Flux v2 - Error installing the microsoft.flux extension
The microsoft.flux extension installs the Flux controllers and Azure GitOps agents into your Azure Arc-enabled Kubernetes or Azure Kubernetes Service (AKS) clusters. If the extension is not already installed in a cluster and you create a GitOps configuration resource for that cluster, the extension will be installed automatically.

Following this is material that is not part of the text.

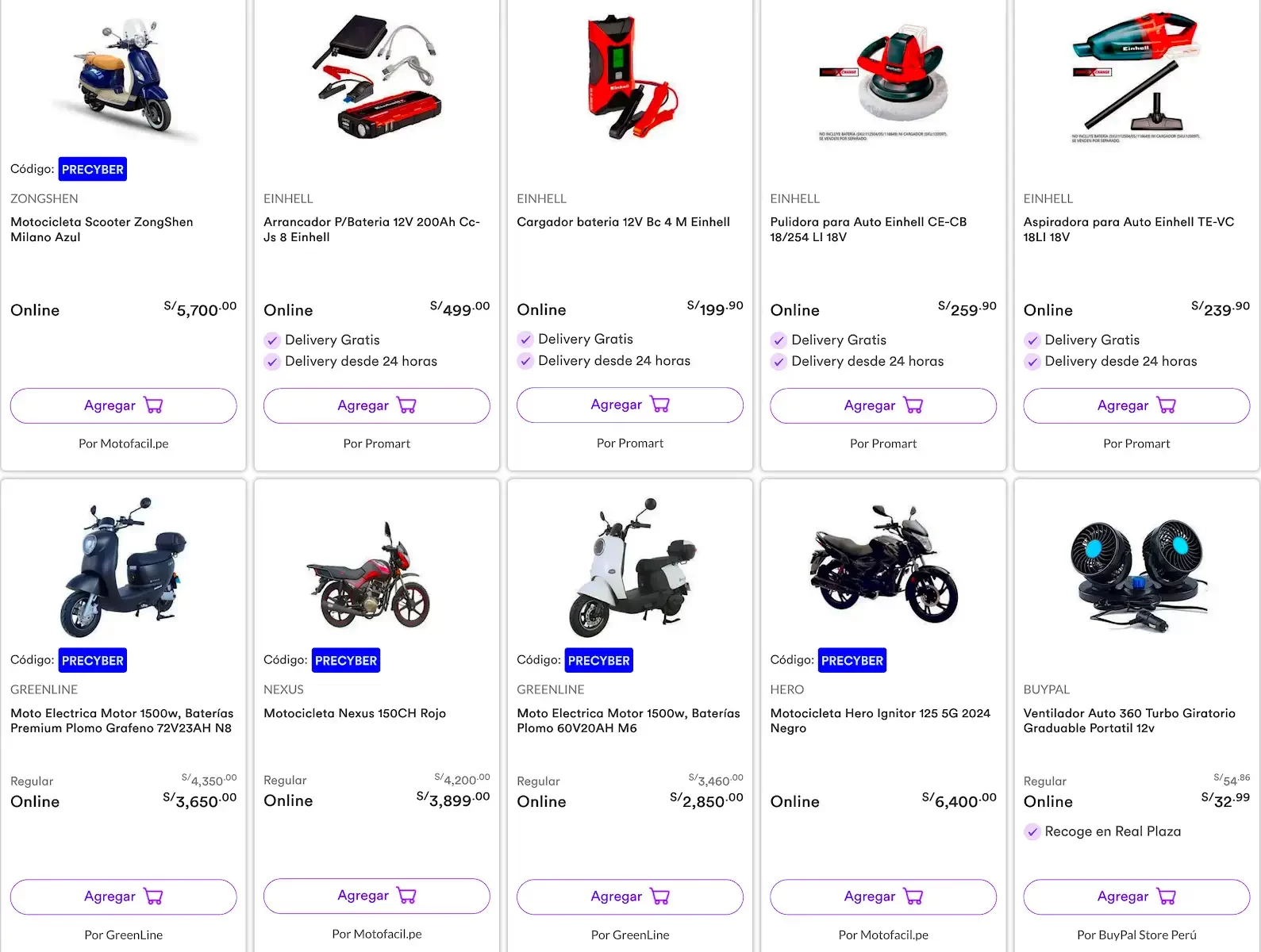 Aquí podrás comprar, por ejemplo, una motocicleta Zongshen por S/5700, mientras que una aspiradora para auto de marca Einhell te costará S/239.90.

If you experience an error during installation or if the extension is in a failed state, you can first run a script to investigate. The cluster-type parameter can be set to connectedClusters for an Arc-enabled cluster or managedClusters for an AKS cluster. The name of the microsoft.flux extension will be "flux" if the extension was installed automatically during creation of a GitOps configuration. Look in the "statuses" object for information.
One example:
az k8s-extension show -g <RESOURCE_GROUP> -c <CLUSTER_NAME> -n flux -t <connectedClusters or managedClusters>
"statuses": [
{
"code": "InstallationFailed",
"displayStatus": null,
"level": null,
"message": "unable to add the configuration with configId {extension:flux} due to error: {error while adding the CRD configuration: error {Operation cannot be fulfilled on extensionconfigs.clusterconfig.azure.com \"flux\": the object has been modified; please apply your changes to the latest version and try again}}",
"time": null
}
]
Another example:
az k8s-extension show -g <RESOURCE_GROUP> -c <CLUSTER_NAME> -n flux -t <connectedClusters or managedClusters>
"statuses": [
{
"code": "InstallationFailed",
"displayStatus": null,
"level": null,
"message": "Error: {failed to install chart from path [] for release [flux]: err [cannot re-use a name that is still in use]} occurred while doing the operation : {Installing the extension} on the config",
"time": null
}
]
Another example from the portal:
{'code':'DeploymentFailed','message':'At least one resource deployment operation failed. Please list
deployment operations for details. Please see https://aka.ms/DeployOperations for usage details.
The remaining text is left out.